As used herein, “block” can refer to a group of one or more contiguous layers, and each layer can include one or more nodes. In some embodiments, the layers within a block can be arranged in a generally sequential configuration in which the output of one layer is passed to the next layer as in input. In some implementations, the machine-learned model can include a convolutional neural network, and at least one of the plurality of blocks can include a convolutional block. The convolutional block can apply at least one convolutional filter. The convolutional block can also include one or more pooling layers or other suitable layers found in convolutional neural networks. Additional residual connections can be included within the convolutional block, for example that bypass one or more of the convolutional filters. Moreover, in some implementations, the machine-learned model can include one or more fully connected layers and/or classification layers, such as a softmax layer.
The subset of blocks can be deactivated using a variety of suitable techniques. As an example, the subset of blocks can be disconnected such that information is not input into the subset of the blocks. However, deactivating the subset of blocks can include any suitable technique such that consumption of computational resources by the subset of blocks at inference time is substantially reduced or eliminated.
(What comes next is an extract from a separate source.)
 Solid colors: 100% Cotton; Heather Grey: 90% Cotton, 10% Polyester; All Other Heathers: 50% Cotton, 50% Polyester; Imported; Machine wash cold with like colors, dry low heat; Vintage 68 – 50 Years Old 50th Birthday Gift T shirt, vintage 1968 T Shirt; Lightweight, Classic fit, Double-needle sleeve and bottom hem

In some implementations, a size of the subset of the plurality of blocks can be selected based on a magnitude of the resource allocation parameter such that the size of the subset of the plurality of blocks is negatively correlated with the magnitude of the resource allocation parameter. For example, a small resource allocation parameter can result in a large number of blocks being deactivated prior to inference time. In other implementations, however, depending on the convention chosen, the size of the subset of the plurality of blocks can be positively correlated with the magnitude of the resource parameter.
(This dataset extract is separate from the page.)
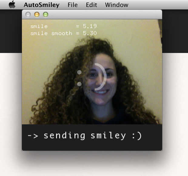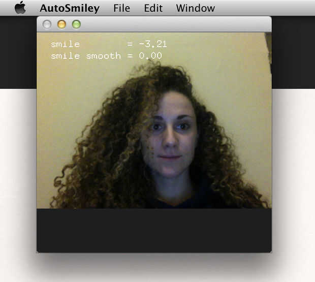 - Una vez que han descargado e instalado la aplicación AutoSmiley, abrirlo y asegúrese de que se conecta a la webcam del ordenador y reconoce tu sonrisa. Debería verse como las dos fotos arriba.

In some implementations, the plurality of blocks (or a subset thereof) can be residually connected in a “residual chain” that can extend from an input end of the machine-learned model towards an output end of the machine-learned model. Deactivating the subset of the plurality of blocks of the machine-learned model can include deactivating a starting residual block within the residual chain and a residual tail portion of the residual chain. The residual tail portion can include blocks within the residual chain that extend towards the output end of the machine-learned model from the starting residual block. As such, the residual tail portion can include a contiguous string of blocks that are located “after” the starting residual block. When the residual tail portion is deactivated, the residual connections can pass information (e.g., “around” the deactivated portion) to subsequent layers or blocks. Thus, the subset of blocks can include contiguous chains of blocks within the plurality of blocks of the machine-learned model.
In some implementations, the subset of blocks can be selected in a semi-random manner that favors deactivating blocks positioned near an output end of the model over deactivating blocks positioned near an input end of the machine-learned model. For example, blocks can be selected based on a respective probability of each block. The probabilities can be assigned to the blocks and can correspond with a likelihood that each block is selected for deactivation. The respective probability of each block can be positively correlated with a respective position of each block within the neural network. More specifically, blocks located near the input end of the machine-learned model can have a low associated probability. The probabilities associated with the respective blocks can increase towards the output end. Thus, the subset of blocks can include non-contiguous blocks that can be dispersed within the plurality of blocks of the machine-learned model.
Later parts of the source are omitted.